Mar 28 22:27:26 origin kernel: [ 3793.782622] nouveau 0000:26:00.0: fifo: CHSW_ERROR 00000004
Mar 28 22:27:27 origin kernel: [ 3794.949062] nouveau 0000:26:00.0: fifo: CHSW_ERROR 00000002
Mar 28 22:27:27 origin kernel: [ 3794.949066] nouveau 0000:26:00.0: fifo: FB_FLUSH_TIMEOUT
Mar 28 22:27:27 origin kernel: [ 3795.465905] nouveau 0000:26:00.0: fifo: CHSW_ERROR 00000002
Mar 28 22:27:27 origin kernel: [ 3795.465909] nouveau 0000:26:00.0: fifo: FB_FLUSH_TIMEOUT
Mar 28 22:27:27 origin kernel: [ 3795.532524] nouveau 0000:26:00.0: fifo: FB_FLUSH_TIMEOUT
Mar 28 22:27:27 origin kernel: [ 3795.537738] nouveau 0000:26:00.0: fifo: read fault at 0001f08000 engine 1b [CE2] client 18 [GR_CE] reason 0c [UNSUPPORTED_KIND] on channel 2 [003fbfa000 Xorg[1290]]

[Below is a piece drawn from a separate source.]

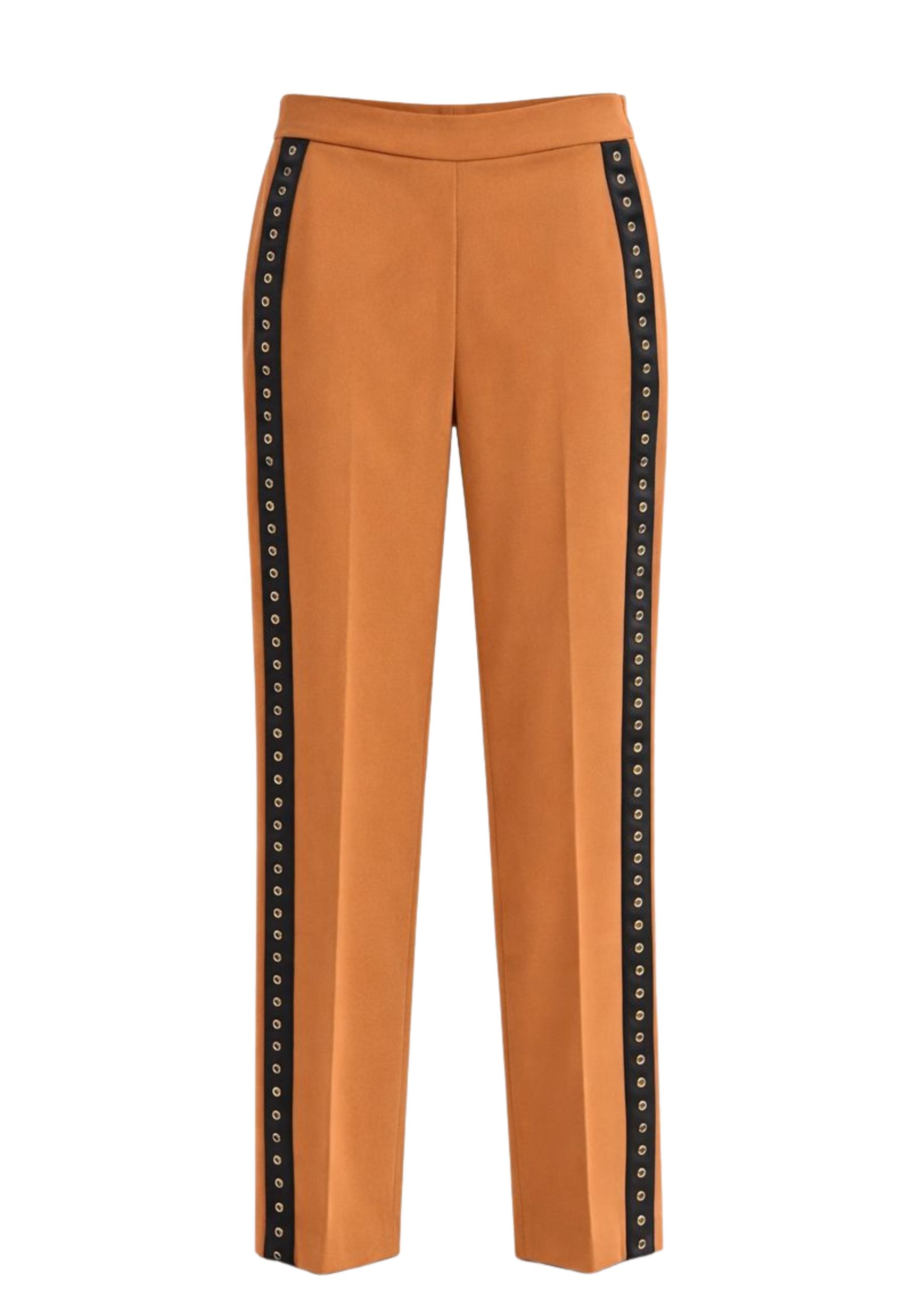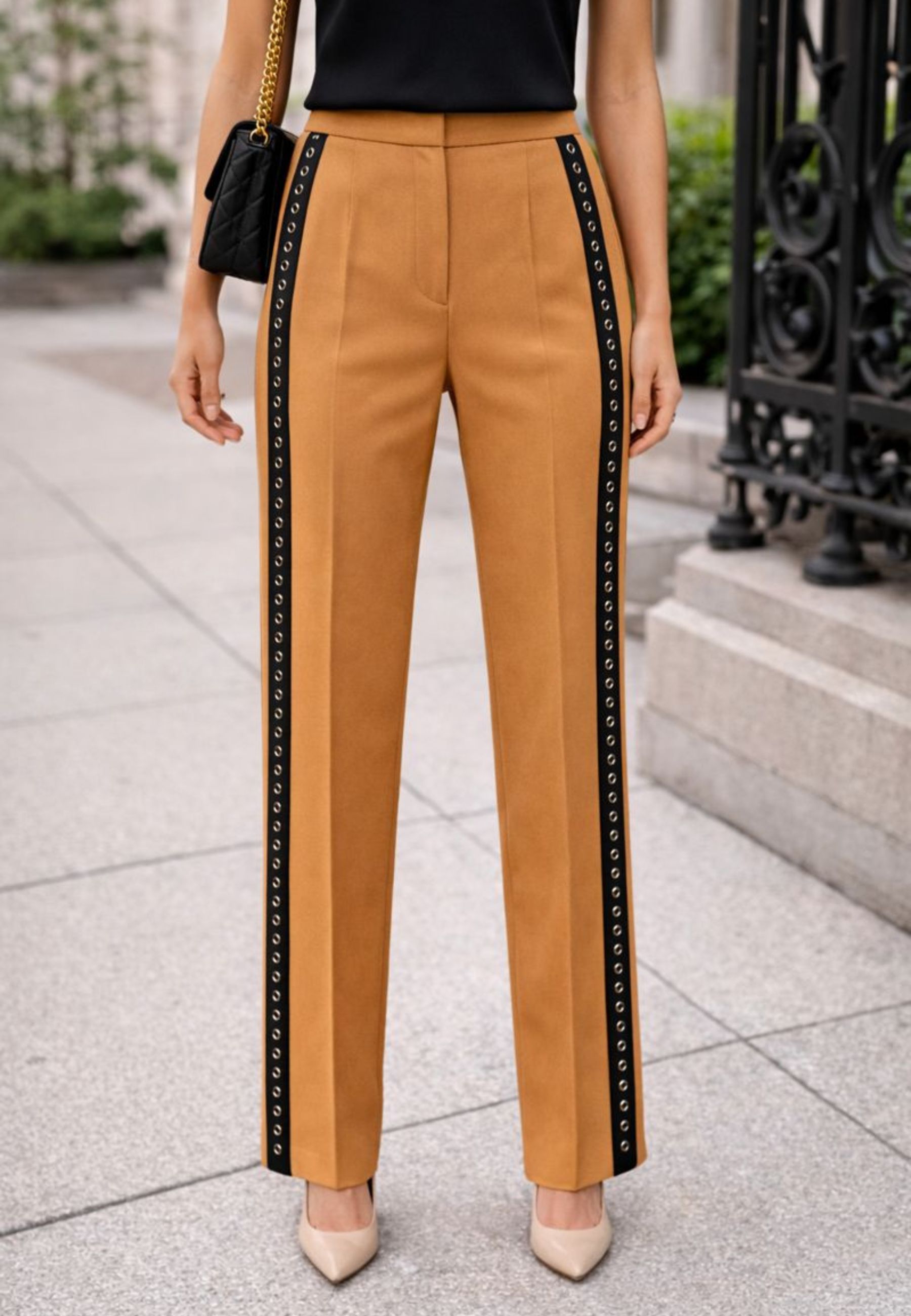 La gamba dritta è impreziosita da bande laterali a contrasto arricchite da occhielli metallici, dettaglio distintivo che dona carattere e richiama uno stile urban-chic. La piega centrale frontale slancia la silhouette, rendendo il capo adatto sia a look eleganti che a outfit più grintosi.

Mar 28 22:27:27 origin kernel: [ 3795.537745] nouveau 0000:26:00.0: fifo: channel 2: killed
Mar 28 22:27:27 origin kernel: [ 3795.537747] nouveau 0000:26:00.0: fifo: runlist 0: scheduled for recovery
Mar 28 22:27:27 origin kernel: [ 3795.537757] nouveau 0000:26:00.0: fifo: engine 0: scheduled for recovery
Mar 28 22:27:27 origin kernel: [ 3795.537761] nouveau 0000:26:00.0: fifo: engine 6: scheduled for recovery
Mar 29 21:19:49 origin kernel: [13387.804276] nouveau 0000:26:00.0: fifo: read fault at 0004740000 engine 1b [CE2] client 18 [GR_CE] reason 0c [UNSUPPORTED_KIND] on channel 2 [003fbfa000 Xorg[1343]]
Mar 29 21:19:49 origin kernel: [13387.804286] nouveau 0000:26:00.0: fifo: channel 2: killed
Mar 29 21:19:49 origin kernel: [13387.804289] nouveau 0000:26:00.0: fifo: runlist 0: scheduled for recovery
Mar 29 21:19:49 origin kernel: [13387.804299] nouveau 0000:26:00.0: fifo: engine 0: scheduled for recovery
Mar 29 21:19:49 origin kernel: [13387.804303] nouveau 0000:26:00.0: fifo: engine 6: scheduled for recovery
Mar 29 21:19:49 origin kernel: [13387.804308] nouveau 0000:26:00.0: Xorg[1343]: channel 2 killed!
(that last one was using modesetting, the others were using the Xorg nouveau driver).